Recently while updating business information in my area, I noticed that outdated POIs would often include a defunct website. When attempting to follow the links in OSM, I was just presented with an error. That gave me the idea that I could proactively identify POIs that may need validated in person.
After some tinkering, I came up with a python script that will query OSM data for nodes with websites, then iterate over the websites to see which return errors when connecting. I started with logging these to a text file, but then realized that I could export them all to a kmz file and import them into Organic Maps. Now when I’m out and about I can launch Organic Maps to find areas that I should validate.

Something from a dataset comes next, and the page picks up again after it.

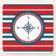 Nautical design with compass decoration in round shape on red, blue and white striped background

When you select a pin, it’ll give you more details on the failure.
While testing I noticed that there are also many sites getting errors indicating that the specific page isn’t found or that the page can be found at a new location. I believe that these can be validated without surveying, so I set up a separate mode called “armchair” mode that highlight these errors.
Setup
NOTE: This will initiate connections from your machine to whatever websites exist in OSM
To use the script, copy the below file and save it as “broken-websites.py”. Before running I believe you’ll need to install the required packages by running the below commands in your terminal:
pip3 install simplekml
pip3 install overpy
pip3 install geopy
From there you can change that latitude, longitude, and radius. Keep in mind that a larger radius takes exponentially longer. You can commands like:
# List all websites that return a 5XX error to a text file
python3 ./broken-websites.py survey txt
# Generate a kmz of all websites that redirect or return 404
python3 ./broken-websites.py airchair kmz
# Generate both list types to both file types
python3 ./broken-websites.py both both
Script:
import overpy
from geopy.distance import geodesic
import requests
import datetime
import simplekml
import sys
latitude = 52.377956
longitude = 4.897070
radius = .5 # Default radius in kilometers
def check_website(url):
try:
response = requests.head(url, timeout=10)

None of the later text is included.